不動産相続は「難しい」「揉めやすい」という印象がありますが、基本を押さえて順序立てて進めれば、無用なトラブルを防ぐことができます。
■相続人の確認
まず大事なのは、誰が相続人になるのかを確認することです。遺言がある場合はその内容に従いますが、遺言がない場合は法律で定められた配偶者や子ども、親、兄弟姉妹といった「法定相続人」に基づいて相続が決まります。
■遺産の全体を把握
続いて、遺産の調査を行います。故人が持っていた不動産、預金、株式などの資産を漏れなく把握し、不動産については評価額も確認します。評価額は相続税に直結するため、固定資産税評価証明書や登記簿謄本を用意しておくと安心です。
■相続税の確認
次のステップは相続税の確認です。相続税は遺産が一定額を超えると発生しますが、「基礎控除」という仕組みがあり、遺産総額が「3,000万円+600万円×法定相続人の数」を下回れば申告や納税は不要です。

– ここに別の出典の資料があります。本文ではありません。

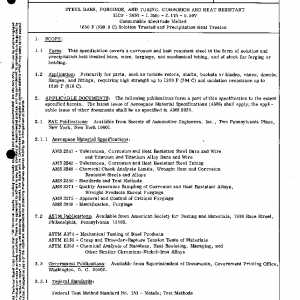 This specification covers a corrosion and heat resistant steel in the form of solution and precipitation heat treated bars, wire, forgings, and mechanical tubing, and of stock for forging or heading.
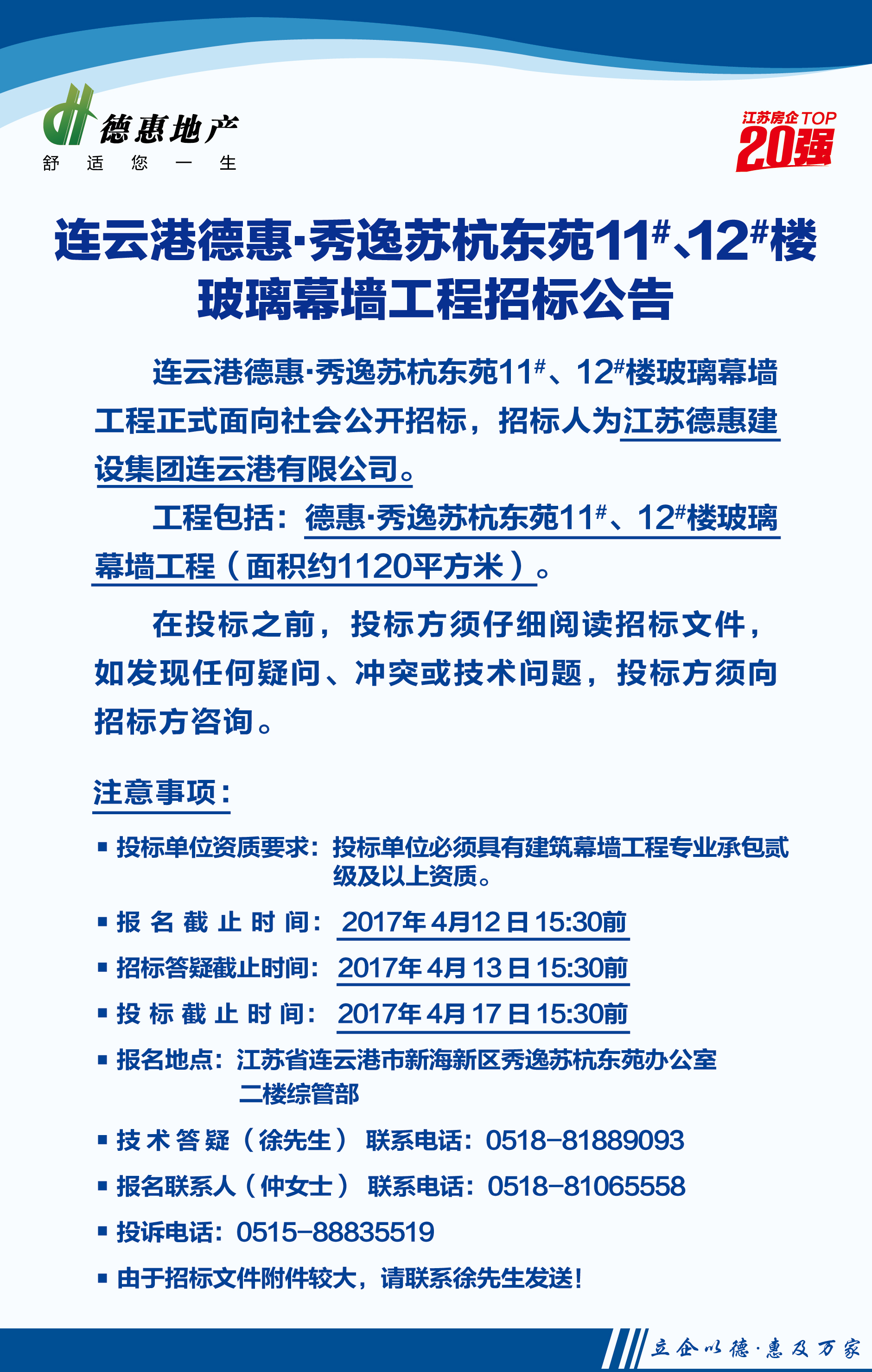 連云港德惠•秀逸蘇杭東苑11#、12#樓玻璃幕墻工程招標(biāo)公告

例えば(法定)相続人が2人なら4,200万円まで非課税となります。超えた場合は税率(10〜55%)に応じて課税されますが、居住用の不動産には税額を軽くする特例が用意されていることもあります。
■名義変更(相続登記)
不動産を相続する場合に欠かせないのが名義変更(相続登記)です。登記申請書や戸籍謄本、遺産分割協議書などをそろえて法務局に申請します。2024年4月からは、この相続登記が義務化され、相続開始から3年以内に行わなければ過料を科される可能性があるため注意が必要です。名義変更が済んで初めて正式に所有権が移り、その後は固定資産税の納付など管理責任も相続人が担います。
■トラブル
相続で最も多いトラブルは兄弟姉妹間での対立です。感情的なもつれを避けるためには、手続きの進行状況を全員で共有し、早めに話し合いを重ねることが大切です。意見がまとまらない場合は弁護士や税理士などの専門家を交えて調整するのも有効です。
このように、不動産相続は流れを理解し、必要書類を早めに準備し、相続人全員で協力して進めることが円滑な解決のカギとなります。